We will first look at a few principles behind marketing and then we will go through the strategies and tactics that can bring in money for you today itself. Finally, there will be a short discussion on tools you can use to execute on all this.

For the purpose of this book, marketing is simply a message delivered to the right person who interacts with it to buy/solicit/express interest in your product or service. It is often a means of getting someone to raise their hand to express their interest in your business. The best type of marketing often does the job of the salesperson, but at scale. So it’s significantly more economical for you.

If you have some background in corporate marketing, please note that we will not incorporate parts of 4 Ps of marketing: product, price, placement, and promotion. You do not need this framework, and it can hinder your thinking in many ways to think about marketing in this way. Please set aside this theoretical framework for the rest of this book.

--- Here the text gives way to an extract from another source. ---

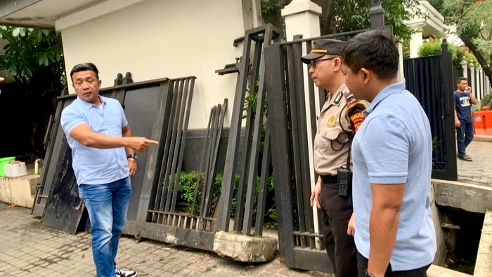 Dalam foto yang diterima Disway.id, pagar rumah JK rusak hingga terlepas dari relnya.
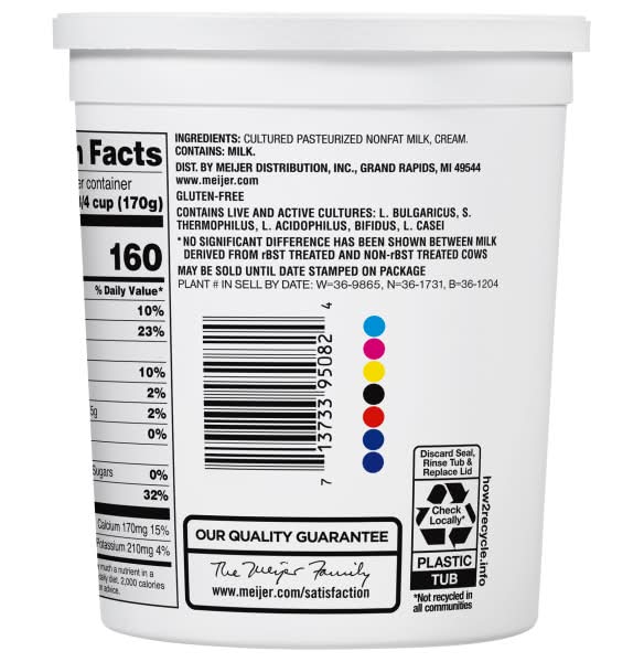 This smooth and creamy yogurt can be enjoyed on its own or served with your favorite fruits to give it an extra ounce of sweetness. Meijer Greek Yogurt is a perfect balance of sweet and tart. Excellent for lunches!

This also means that marketing is doable for everyone — not just for the creative types or people who’ve gone to business school. In fact, good and great marketing is less about being creative, and more about being in tune with your marketplace.

In the next section, we will be talking about the principles of great marketing that can put you ahead of 90% of small businesses out there with less sophistication!

In the meantime…

What is your single most important question about marketing your business?

Why would it make a difference in your life to get a good answer to this?

How difficult has it been to get an answer to his so far?